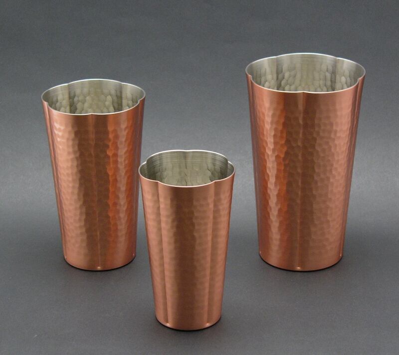 【職人の手打ちによるきめ細かい鎚目が美しい純銅タンブラー】
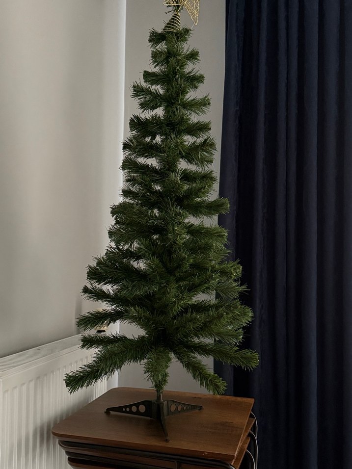 Koyu yeşil renkte yapay yılbaşı ağacı, sık dallı ve dayanıklı üç ayaklı tabanlıdır. 120 cm. eşim 180 cm ağaç aldığı için bunu satışa çıkardık. Hiç kullanılmadı, boyuna bakmak için açıp geri kutusuna kaldırdık.
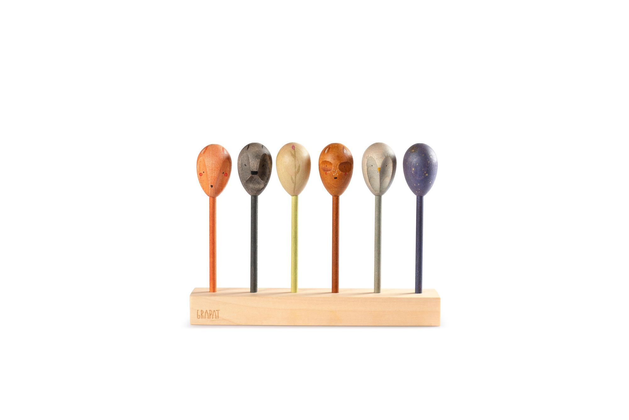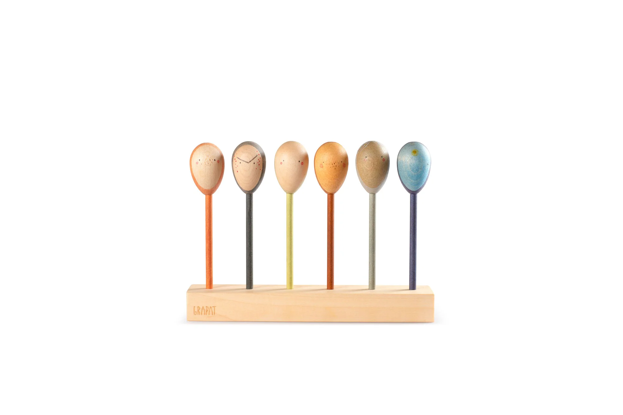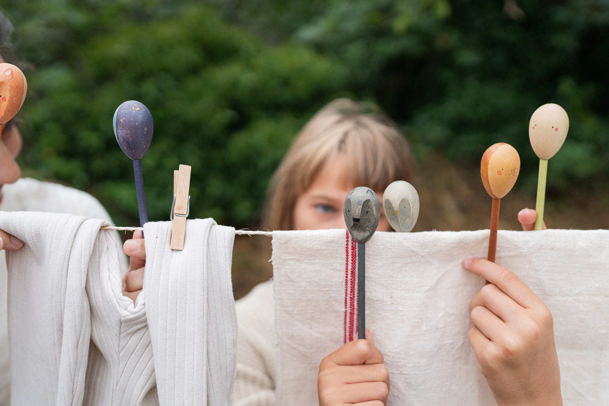 Zes poppetjes met dubbele gezichten voor urenlang speelplezier! We zien een kleine vos, een wijze uil, de maan, een mooie bloem, de boze wolf en een lieve beer. Als je de poppetjes omdraait veranderen ze naar een kleine jongen, een wijze vrouw, de zon, een fee, een ondeugend meisje met sproetjes en meer.

+===+

### WHAT TO DO
Copy the listing above verbatim, leaving out pictures.

### ANSWER
 【職人の手打ちによるきめ細かい鎚目が美しい純銅タンブラー】
 Koyu yeşil renkte yapay yılbaşı ağacı, sık dallı ve dayanıklı üç ayaklı tabanlıdır. 120 cm. eşim 180 cm ağaç aldığı için bunu satışa çıkardık. Hiç kullanılmadı, boyuna bakmak için açıp geri kutusuna kaldırdık.
 Zes poppetjes met dubbele gezichten voor urenlang speelplezier! We zien een kleine vos, een wijze uil, de maan, een mooie bloem, de boze wolf en een lieve beer. Als je de poppetjes omdraait veranderen ze naar een kleine jongen, een wijze vrouw, de zon, een fee, een ondeugend meisje met sproetjes en meer.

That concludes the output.